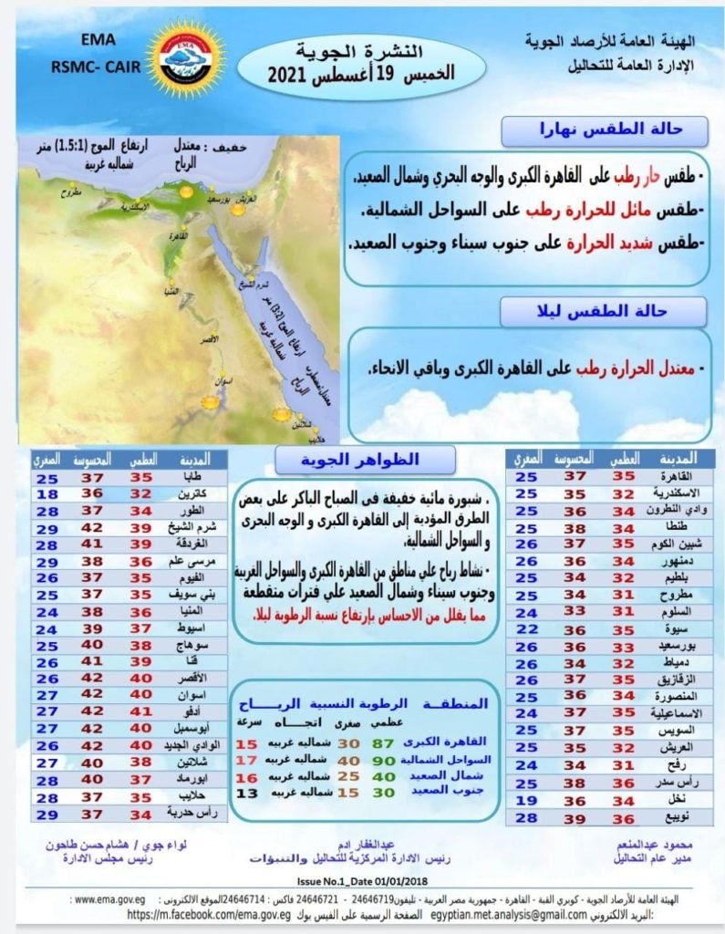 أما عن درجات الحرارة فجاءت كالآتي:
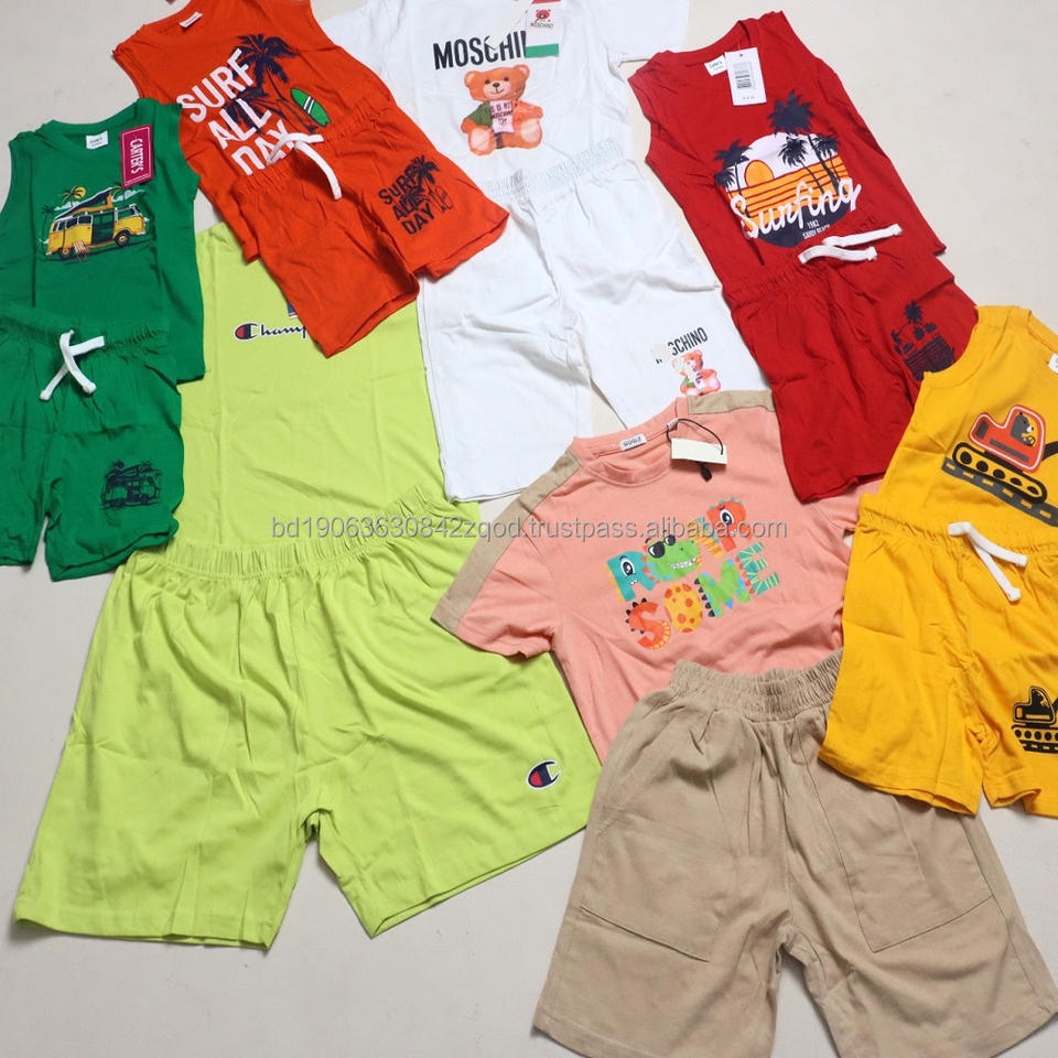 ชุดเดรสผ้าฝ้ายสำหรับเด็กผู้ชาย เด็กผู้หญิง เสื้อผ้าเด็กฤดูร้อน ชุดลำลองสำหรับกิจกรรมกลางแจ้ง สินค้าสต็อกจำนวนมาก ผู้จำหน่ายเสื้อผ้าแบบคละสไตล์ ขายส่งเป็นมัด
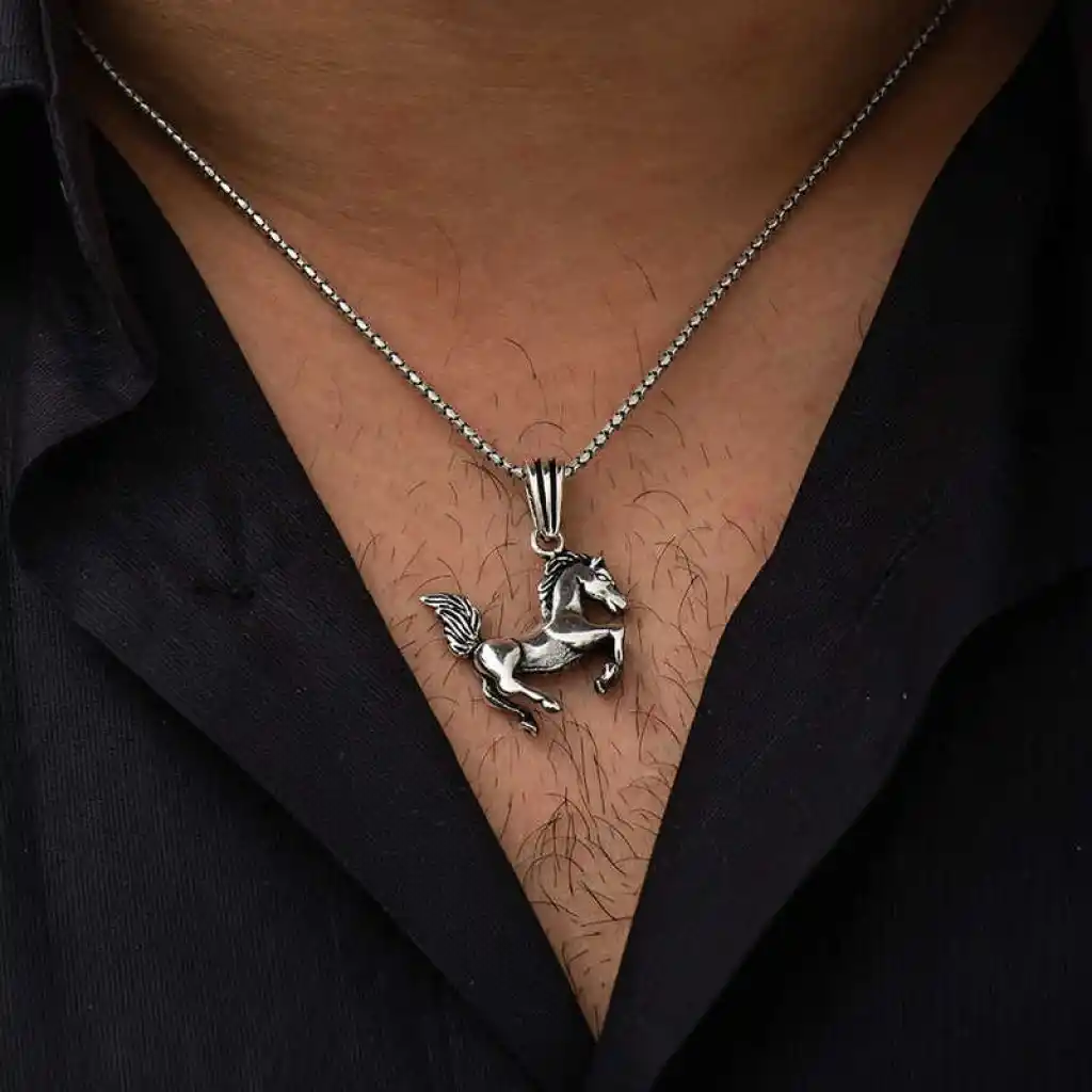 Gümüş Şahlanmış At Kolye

## WHAT THE TASK ASKS
Only the lines from the one containing "ชุดเดรสผ้าฝ้ายสำหรับเด็กผู้ชาย เด็กผู้หญิง เสื้อผ้าเด็กฤดูร้อน" through the last line of the material are to be restated word for word; no picture is to be included.

## SOLUTION BELOW
 ชุดเดรสผ้าฝ้ายสำหรับเด็กผู้ชาย เด็กผู้หญิง เสื้อผ้าเด็กฤดูร้อน ชุดลำลองสำหรับกิจกรรมกลางแจ้ง สินค้าสต็อกจำนวนมาก ผู้จำหน่ายเสื้อผ้าแบบคละสไตล์ ขายส่งเป็นมัด
 Gümüş Şahlanmış At Kolye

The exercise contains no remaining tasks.